Wednesday, March 30, 2016

Big Dada

If you mistyped and where searching for "big data," try this other post. Here we are on 5 February 1916 in the Cabaret Voltaire on the Spiegelgasse, just a few steps from the apartment where Lenin was living in exile and not far from where I lived for a couple of years under a gaslight.

Cabaret Voltaire

Dada represents the total doubt about everything, the absolute individualism and the destruction of ideals and norms hitherto cast in concrete. For example, in Hugo Ball's Lautgedichte (sound poetry) the utterances are decoupled from semantics. This is how a century later naive users misuse Internet search engines and then wonder their queries just return millions of dada, much to the chagrin of the computational linguists trying to design semantic search engines. This is dada. No, it is a trigram. Can a second order Markov model help? Not for this trigram: Google Books thinks, it does not exist. Coming up with a new sentence is so dada.

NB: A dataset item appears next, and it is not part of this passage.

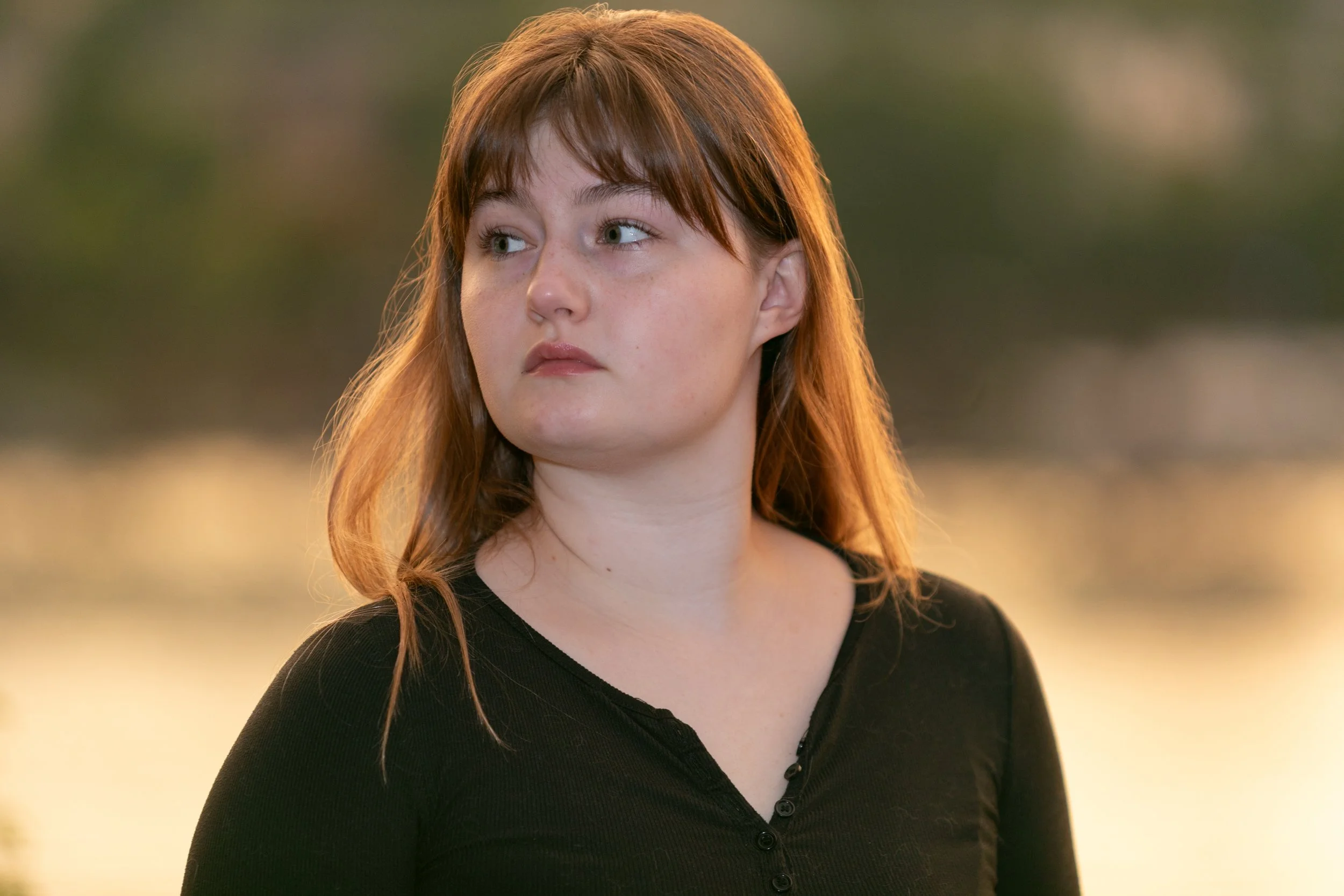 A young woman with red hair and fair skin standing outdoors at sunset, wearing a black top.

The dadaists were displeased with science, which they judged to be elitist and far from any comprehensibility and sensuality. Maybe they were not completely right, considering what was happening in theoretical physics around that time. But certainly, today science is more dada, when fresh laureates dance their Ph.D. You can win a trip to Stanford and visit me, just a few steps away, under an LED lamppost.